All lines from the one containing "The pitches of" down to the one containing "我入手的这个是钛半框款,采用航空级钛金属材质兼顾耐用性与轻盈感,前腿采用Uni", both ends included, are to be given again exactly; omit the rest of the listing below.

── SUPPLIED ENTRIES

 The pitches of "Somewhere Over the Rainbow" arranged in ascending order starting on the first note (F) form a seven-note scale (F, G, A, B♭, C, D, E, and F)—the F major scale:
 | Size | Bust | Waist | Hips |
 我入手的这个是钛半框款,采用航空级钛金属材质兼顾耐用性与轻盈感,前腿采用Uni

────
── SUPPLIED ENTRIES

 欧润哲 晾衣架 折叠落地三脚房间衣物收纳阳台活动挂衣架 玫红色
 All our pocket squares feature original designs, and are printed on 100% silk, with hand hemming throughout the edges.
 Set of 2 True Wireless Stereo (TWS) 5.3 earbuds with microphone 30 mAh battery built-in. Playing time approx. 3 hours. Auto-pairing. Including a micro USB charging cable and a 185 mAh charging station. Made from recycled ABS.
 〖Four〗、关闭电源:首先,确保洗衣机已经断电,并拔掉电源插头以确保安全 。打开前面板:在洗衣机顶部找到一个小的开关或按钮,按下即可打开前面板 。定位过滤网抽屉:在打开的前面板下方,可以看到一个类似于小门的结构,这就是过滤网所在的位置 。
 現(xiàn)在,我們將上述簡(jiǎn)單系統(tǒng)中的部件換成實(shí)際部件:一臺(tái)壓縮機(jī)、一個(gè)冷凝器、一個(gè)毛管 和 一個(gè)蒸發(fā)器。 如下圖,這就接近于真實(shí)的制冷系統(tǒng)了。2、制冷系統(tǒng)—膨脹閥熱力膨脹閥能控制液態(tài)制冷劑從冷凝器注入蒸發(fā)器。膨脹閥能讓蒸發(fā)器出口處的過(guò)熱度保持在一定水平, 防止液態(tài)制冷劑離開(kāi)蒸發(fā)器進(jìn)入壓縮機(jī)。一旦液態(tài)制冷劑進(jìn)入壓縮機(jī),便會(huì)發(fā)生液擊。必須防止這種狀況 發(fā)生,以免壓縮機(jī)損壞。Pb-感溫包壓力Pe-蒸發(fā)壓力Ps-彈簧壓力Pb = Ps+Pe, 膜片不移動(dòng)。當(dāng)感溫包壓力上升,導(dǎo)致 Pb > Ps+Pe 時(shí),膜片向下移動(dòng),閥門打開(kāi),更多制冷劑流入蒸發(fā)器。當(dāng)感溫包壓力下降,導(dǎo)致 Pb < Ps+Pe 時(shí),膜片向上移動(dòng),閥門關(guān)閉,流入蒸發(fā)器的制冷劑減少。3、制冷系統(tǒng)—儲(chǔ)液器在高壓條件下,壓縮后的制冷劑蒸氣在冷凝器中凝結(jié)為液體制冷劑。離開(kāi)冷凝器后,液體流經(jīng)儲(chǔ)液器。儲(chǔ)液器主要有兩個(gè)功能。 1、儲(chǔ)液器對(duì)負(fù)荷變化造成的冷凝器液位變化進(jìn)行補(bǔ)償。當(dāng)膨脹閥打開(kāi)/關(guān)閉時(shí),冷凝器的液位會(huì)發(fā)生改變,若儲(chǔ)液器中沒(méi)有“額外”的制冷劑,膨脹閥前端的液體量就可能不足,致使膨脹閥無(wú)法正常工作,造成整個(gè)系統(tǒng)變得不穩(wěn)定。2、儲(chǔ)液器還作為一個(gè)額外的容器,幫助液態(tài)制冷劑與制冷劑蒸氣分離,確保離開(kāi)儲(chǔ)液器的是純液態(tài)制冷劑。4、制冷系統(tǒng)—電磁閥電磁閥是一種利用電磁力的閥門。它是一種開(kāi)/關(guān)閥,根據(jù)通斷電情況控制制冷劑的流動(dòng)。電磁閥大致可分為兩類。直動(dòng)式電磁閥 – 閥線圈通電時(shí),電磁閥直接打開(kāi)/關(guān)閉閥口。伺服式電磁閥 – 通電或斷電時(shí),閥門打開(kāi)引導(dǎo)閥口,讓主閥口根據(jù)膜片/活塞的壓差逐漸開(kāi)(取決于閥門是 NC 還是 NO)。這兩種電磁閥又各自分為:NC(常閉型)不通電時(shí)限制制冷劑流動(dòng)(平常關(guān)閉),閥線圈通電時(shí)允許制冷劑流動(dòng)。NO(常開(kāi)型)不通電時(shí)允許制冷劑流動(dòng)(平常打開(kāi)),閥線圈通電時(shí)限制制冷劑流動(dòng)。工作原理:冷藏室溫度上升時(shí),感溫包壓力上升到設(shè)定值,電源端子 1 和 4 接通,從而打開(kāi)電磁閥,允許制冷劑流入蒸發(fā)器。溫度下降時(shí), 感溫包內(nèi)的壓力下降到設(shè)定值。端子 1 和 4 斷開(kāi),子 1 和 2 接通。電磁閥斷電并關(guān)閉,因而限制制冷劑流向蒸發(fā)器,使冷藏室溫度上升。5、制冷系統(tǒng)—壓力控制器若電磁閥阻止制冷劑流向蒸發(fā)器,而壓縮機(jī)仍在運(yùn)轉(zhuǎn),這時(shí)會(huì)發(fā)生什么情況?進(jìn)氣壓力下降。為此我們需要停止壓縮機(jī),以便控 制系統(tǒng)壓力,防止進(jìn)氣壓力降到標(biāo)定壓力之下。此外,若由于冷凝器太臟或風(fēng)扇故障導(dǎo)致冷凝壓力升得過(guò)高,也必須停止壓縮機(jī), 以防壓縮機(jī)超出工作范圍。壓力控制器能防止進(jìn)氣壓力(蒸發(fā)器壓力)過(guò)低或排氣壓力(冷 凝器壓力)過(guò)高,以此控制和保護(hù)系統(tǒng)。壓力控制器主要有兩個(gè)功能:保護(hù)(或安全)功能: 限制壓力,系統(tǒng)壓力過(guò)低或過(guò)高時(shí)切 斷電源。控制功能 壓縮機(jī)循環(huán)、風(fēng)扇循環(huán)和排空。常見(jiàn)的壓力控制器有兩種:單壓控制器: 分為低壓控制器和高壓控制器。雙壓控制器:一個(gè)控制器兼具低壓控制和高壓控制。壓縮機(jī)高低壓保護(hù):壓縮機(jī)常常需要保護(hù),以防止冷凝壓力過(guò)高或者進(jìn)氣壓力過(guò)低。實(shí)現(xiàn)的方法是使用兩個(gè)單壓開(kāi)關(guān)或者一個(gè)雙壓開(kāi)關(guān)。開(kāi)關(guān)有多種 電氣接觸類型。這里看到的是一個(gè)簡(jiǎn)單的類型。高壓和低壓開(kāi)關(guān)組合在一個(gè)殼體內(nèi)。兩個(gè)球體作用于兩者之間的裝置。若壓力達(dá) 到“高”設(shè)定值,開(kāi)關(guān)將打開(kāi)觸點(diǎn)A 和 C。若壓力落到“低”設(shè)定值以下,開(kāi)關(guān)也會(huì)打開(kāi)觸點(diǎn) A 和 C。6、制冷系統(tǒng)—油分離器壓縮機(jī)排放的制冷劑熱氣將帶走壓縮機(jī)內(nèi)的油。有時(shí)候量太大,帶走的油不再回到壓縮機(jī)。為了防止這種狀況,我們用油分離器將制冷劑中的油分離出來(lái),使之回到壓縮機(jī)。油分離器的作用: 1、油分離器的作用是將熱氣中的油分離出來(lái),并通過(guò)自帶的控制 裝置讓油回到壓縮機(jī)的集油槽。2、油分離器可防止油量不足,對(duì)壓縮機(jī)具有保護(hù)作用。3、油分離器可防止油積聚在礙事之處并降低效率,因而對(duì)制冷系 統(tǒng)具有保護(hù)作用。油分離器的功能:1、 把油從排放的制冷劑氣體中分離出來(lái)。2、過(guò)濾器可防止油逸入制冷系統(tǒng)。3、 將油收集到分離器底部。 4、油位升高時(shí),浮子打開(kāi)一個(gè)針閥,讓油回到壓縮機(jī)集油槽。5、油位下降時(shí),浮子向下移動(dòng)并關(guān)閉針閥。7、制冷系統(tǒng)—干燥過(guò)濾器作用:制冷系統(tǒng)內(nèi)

────
── SUPPLIED ENTRIES

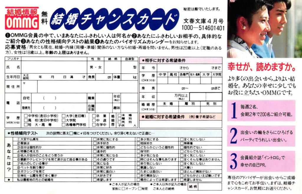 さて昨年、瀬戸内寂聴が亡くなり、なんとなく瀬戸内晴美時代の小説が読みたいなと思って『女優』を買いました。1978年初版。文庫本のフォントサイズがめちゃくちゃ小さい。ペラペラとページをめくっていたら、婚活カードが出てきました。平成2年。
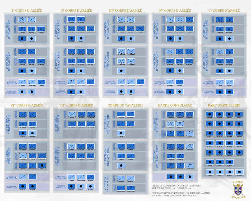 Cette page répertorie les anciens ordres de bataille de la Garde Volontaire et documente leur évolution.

────

# [FINISHED EXERCISE]
 The pitches of "Somewhere Over the Rainbow" arranged in ascending order starting on the first note (F) form a seven-note scale (F, G, A, B♭, C, D, E, and F)—the F major scale:
 | Size | Bust | Waist | Hips |
 我入手的这个是钛半框款,采用航空级钛金属材质兼顾耐用性与轻盈感,前腿采用Uni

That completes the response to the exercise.